I am trying to build a self balancing unicycle using a Hub Motor, Arduino Uno, MPU6050 and QS909 motor driver. I have used the below program for reference but the said program is build on BTS7960 motor driver. So to make it work with the QS909 motor driver what are the necessary changes I have to do in the programs. Guys I am really stuck in a jam,Pl. any help would be useful.

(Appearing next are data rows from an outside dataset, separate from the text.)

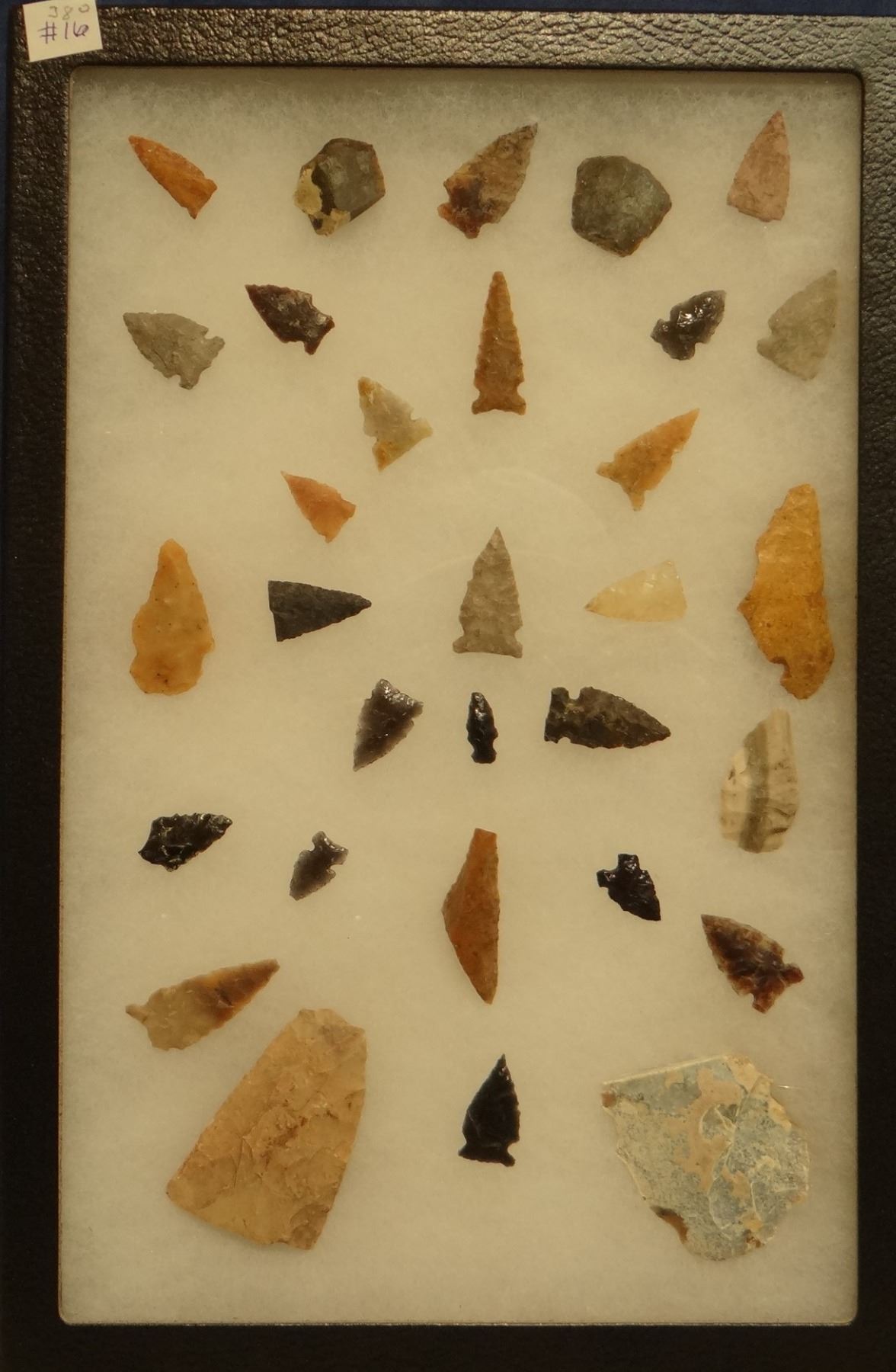 31 artifacts in 8”x 12”x1” frame, includes 4 scrapers, 1 awl, 5 knives, 23 arrowheads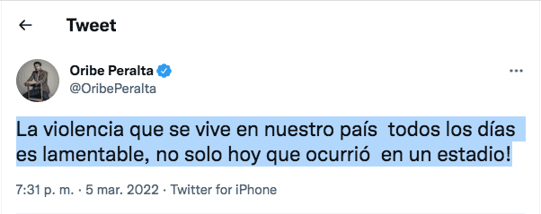 Oribe Peralta fue otro que levantaron la voz a través de las redes sociales en contra de la violencia en el futbol mexicano: "'La violencia que se vive en nuestro país todos los días es lamentable, no solo hoy que ocurrió en un estadio!"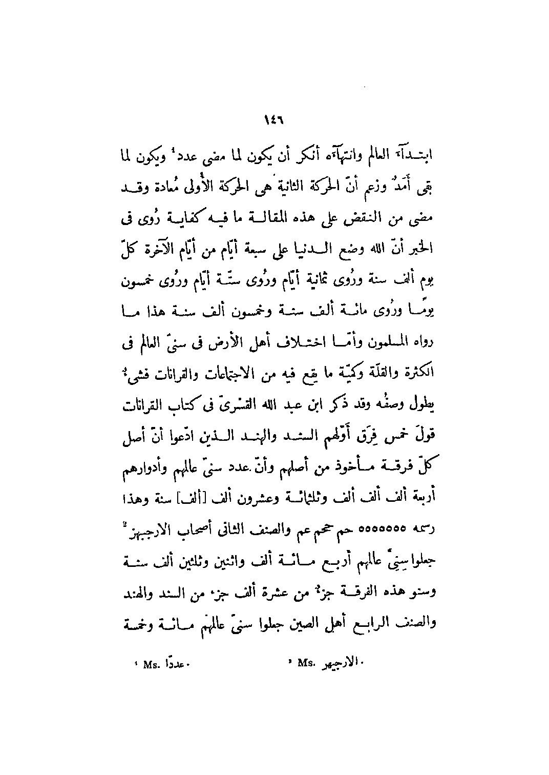 ابتداء العالم وانتهاءه أنكر أن يكون لما مضى عدد [1] ويكون لما بقي أمد وزعم أن الحركة الثانية هي الحركة الأولى معادة وقد مضى من النقض على هذه المقالة ما فيه كفاية روى في الخبر أن الله وضع الدنيا على سبعة أيام من أيام الآخرة كل يوم ألف سنة وروى ثمانية أيام وروى ستة أيام وروى خمسون يوماً وروى مائة ألف سنة وخمسون ألف سنة هذا ما رواه المسلمون وأما اختلاف أهل الأرض في سني العالم في الكثرة والقلة وكمية ما يقع فيه من الاجتماعات والقرانات فشيء يطول وصفه وقد ذكر ابن عبد الله القسري في كتاب القرانات قول خمس فرق أوّلهم السند والهند الذين ادّعوا أنّ أصل كلّ فرقة مأخوذ من أصلهم وأن عدد سني عالمهم وأدوارهم أربعة ألف ألف ألف وثلاثمائة وعشرون ألف ألف سنة وهذا رسمه 5555555 حم ححم عم والصنف الثاني أصحاب الارجبهز [2] جعلوا سني عالمهم أربع مائة ألف واثنين وثلاثين ألف سنة وسنو هذه الفرقة جزء من عشرة ألف جزء من السند والهند والصنف الرابع أهل الصين جعلوا سنىّ عالمهم مائة وخمسة

I have tried to delete the files #include <LiquidCrystal_I2C.h> and #include <Adafruit_NeoPixel.h>, so that the program fits into the 9000 words limit as it is not necessary for me as well. Guys I have also delete some more part of the program to limit it to 9000 words the entire program is available on github link. Pl. guide me in which ever way possible.
Thankyou
DC 12V-36V 500W Brushless Motor Controller Hall Motor Balanced Car Driver Board -QS909 motor driver
/*
*Self balancing unicycle *
Web: https://github.com/joneivind
*Connections *
* SENSOR UNO/NANO MEGA2560 (Same if not specified)
//MPU6050 gyro/acc (I2C)
* VCC +5v +5v
* GND GND GND
* SCL A5 C21
* SDA A4 C20
// Motor Driver BTS7960
* VCC +5v
* GND GND
* RPWM D9 Forward pwm input
* LPWM D10 Reverse pwm input
* R_EN D7 Forward drive enable input, can be bridged with L_EN
* L_EN D8 Reverse drive enable input, can be bridged with R_EN
* R_IS Current alarm, not used
* L_IS Current alarm, not used
* B+ Battery+
* B- Battery-
* M+ Motor+
* M- Motor-
// Reset button //
* SIGNAL D4
* GND GND
*** Credits ***
MPU6050/Kalman filter: https://github.com/TKJElectronics/KalmanFilter
Medianfilter: http://www.elcojacobs.com/eleminating-noise-from-sensor-readings-on-arduino-with-digital-filtering/
*/
// Library //
#include <ArduinoJson.h>
#include <Wire.h>
#include <Kalman.h>
#include <LiquidCrystal_I2C.h>
#include <Adafruit_NeoPixel.h>
#include <avr/power.h>
#include <PWM.h>
// PID constants //
float kp = 55.0; // P-value
float td = 2.0; // D-value
float bias = 0.0; // Bias value (Base output)
float setpoint = 81.0; // Setpoint (Balance point)
//#define TUNING // Uncomment if tuning panel is attached
// Output settings //
float Umax = 255.0; // Adjust max output 0-255
float Umin = -255.0; // Adjust Min output 0-(-255)
int max_roll = 15; // Max degrees from setpoint before motor will stop
int min_roll = 10; // Min degrees from setpoint before motor will stop
// Storage variables
float p_term = 0.0; // Store propotional value
float d_term = 0.0; // Store derivative value
float error = 0.0; // Sum error
float last_error = 0.0; // Store last error sum
int output = 0; // PID output
int total_output = 0; // PID output + throttle_expo
int pid_output = 0; // PID out in main loop
float angle = 0;
// Motor driver settings //
// bool motor_direction_forward = false; // Set motor direction forward/reverse
int frequency = 4000; // Default motor frequency (in Hz)
int RPWM = 9; // Forward pwm input
int LPWM = 10; // Reverse pwm input
int R_EN = 7; // Forward drive enable input
int L_EN = 8; // Reverse drive enable input*/
// Motor control //
/* void motor(int pwm, float angle){ // pwm = Power, angle = Forward/backward
if (motor_direction_forward == true){
if (angle > setpoint){
pwmWrite(LPWM, abs(pwm));
}
else if (angle < setpoint){
pwmWrite(RPWM, abs(pwm));
}
}
else{
if (angle > setpoint){
pwmWrite(RPWM, abs(pwm));
}
else if (angle < setpoint){
pwmWrite(LPWM, abs(pwm));
}
}
}*/
// Motorcontroller output
pinMode(RPWM, OUTPUT); // PWM output right channel
pinMode(LPWM, OUTPUT); // PWM output left channel
pinMode(R_EN, OUTPUT); // Enable right channel
pinMode(L_EN, OUTPUT); // Enable left channel
digitalWrite(RPWM, LOW); // Disable motor @ start
digitalWrite(LPWM, LOW);
digitalWrite(R_EN, LOW);
digitalWrite(L_EN, LOW);
// Add some initial gyro angle values
for (int i=0; i<100; i++){
get_angle();
}